Jim vai esconder da família essa notícia para não estragar o último dia de férias. Mas ele provavelmente nem poderá pagar a conta no final, seu filho tem problemas com ele e sua esposa não o vê mais como o companheiro para passar alegremente os dias. Aos poucos, a narrativa vai misturando as preocupações adultas (desejos proibidos por ninfetas, a sexualidade, a doença, o envelhecimento e morte entrelaçados) com referências a lendas urbanas sobre a Disney World (decapitações em montanhas-russas, sticks de peru que seriam na verdade feitos de carne de emu, empregadas do parque que seriam, na prática, prostitutas para estrangeiros ricos, salas secretas no subsolo do parque, robôs etc.) e problemas reais que surgem nesses parques (vômitos, filhos extraviados etc.).
O que é instigante nessa estreia do diretor Randy Moore é a sua sensibilidade gnóstica pela narrativa em abismo: vemos o protagonista criar um pesadelo paranoico dentro do mundo de sonhos criado pelo imaginário do parque. Sequências ousadas, a estranha fotografia em preto e branco (que às vezes produz bizarras profundidades de campo), cortes rápidos, efeitos de animatronics, alusões às releituras dos contos de fadas de Walt Disney tudo em meio a misteriosas luzes piscando... pesadelo dentro de sonhos. Impossível dizer que o personagem mistura ficção e realidade, pois ele já está no imaginário corporativo da Disney que já fez essa fusão há muito tempo.

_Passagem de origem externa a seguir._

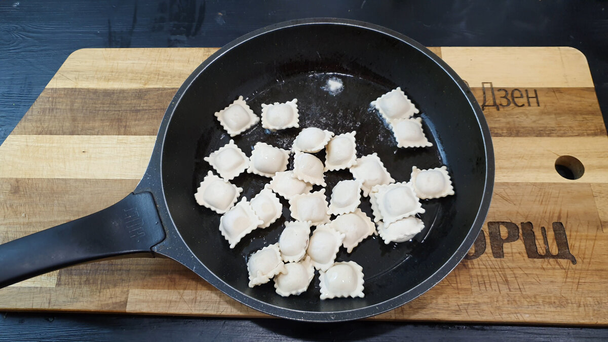 Пачку любимых пельменей отправляем на разогретую сковороду.

Origens míticas de “Escape From Tomorrow”
“Escape From Tomorrow” vai se inspirar em três fontes míticas: primeiro, a origem sombria dos parques de diversões nos chamados freak shows dos séculos XVIII-XIX; segundo, as origens psiquicamente cruéis e sexualmente ambíguas dos antigos contos de fadas; e terceiro, o mundo da fantasia e da imaginação como fuga da realidade."